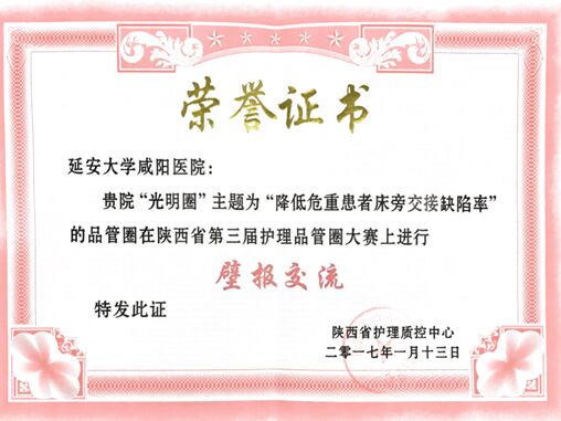 新年伊始,臘梅初開。1月13日由陜西省質(zhì)控中心舉辦的 “2016年陜西省護(hù)理質(zhì)控管理培訓(xùn)班暨第三屆品管圈展示會(huì)”在小寨軍區(qū)招待所會(huì)議廳舉行。本次參加展示交流的40個(gè)品管圈,是從陜西省各地市164個(gè)品管圈中脫穎而出的,其中20個(gè)圈在本次大會(huì)進(jìn)行展示并進(jìn)行評(píng)選,20個(gè)圈以壁報(bào)形式展示,我院NICU“光明圈”主題:降低患者床頭交接缺陷率參加本次壁報(bào)展出。是咸陽(yáng)市進(jìn)入成果展示的兩家醫(yī)院之一。
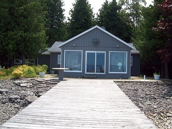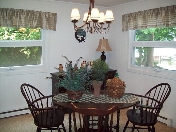 Stunning water and sunset views from this remodeled ranch home with 2+ car garage, sun room with terrific views, PERMANENT DOCK WITH POWER BOAT LIFT, village sewer, and fireplace.
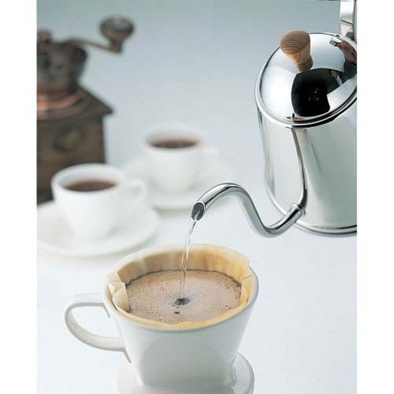 使用滤纸滴漏法冲泡咖啡时,滤纸会紧贴在滤杯壁上,如果没有这些沟槽的话,注入热水后,空气就只能从杯底的滤孔排出,而剩下排不出的空气就会从闷蒸状态中的咖啡粉表面排出,咖啡粉表面破出一个洞,冷空气进入,咖啡便得不到充分闷蒸。如果是用法兰绒滴漏的话,空气可以从任何地方排出,而热水渗入法兰绒布中如皮膜般具有保温作用。

**WHAT THE TASK ASKS**. Leave the images out and transcribe the remaining data above word for word.

**ANSWER TO THE PROBLEM**.
 新年伊始,臘梅初開。1月13日由陜西省質(zhì)控中心舉辦的 “2016年陜西省護(hù)理質(zhì)控管理培訓(xùn)班暨第三屆品管圈展示會(huì)”在小寨軍區(qū)招待所會(huì)議廳舉行。本次參加展示交流的40個(gè)品管圈,是從陜西省各地市164個(gè)品管圈中脫穎而出的,其中20個(gè)圈在本次大會(huì)進(jìn)行展示并進(jìn)行評(píng)選,20個(gè)圈以壁報(bào)形式展示,我院NICU“光明圈”主題:降低患者床頭交接缺陷率參加本次壁報(bào)展出。是咸陽(yáng)市進(jìn)入成果展示的兩家醫(yī)院之一。
 Stunning water and sunset views from this remodeled ranch home with 2+ car garage, sun room with terrific views, PERMANENT DOCK WITH POWER BOAT LIFT, village sewer, and fireplace.
 使用滤纸滴漏法冲泡咖啡时,滤纸会紧贴在滤杯壁上,如果没有这些沟槽的话,注入热水后,空气就只能从杯底的滤孔排出,而剩下排不出的空气就会从闷蒸状态中的咖啡粉表面排出,咖啡粉表面破出一个洞,冷空气进入,咖啡便得不到充分闷蒸。如果是用法兰绒滴漏的话,空气可以从任何地方排出,而热水渗入法兰绒布中如皮膜般具有保温作用。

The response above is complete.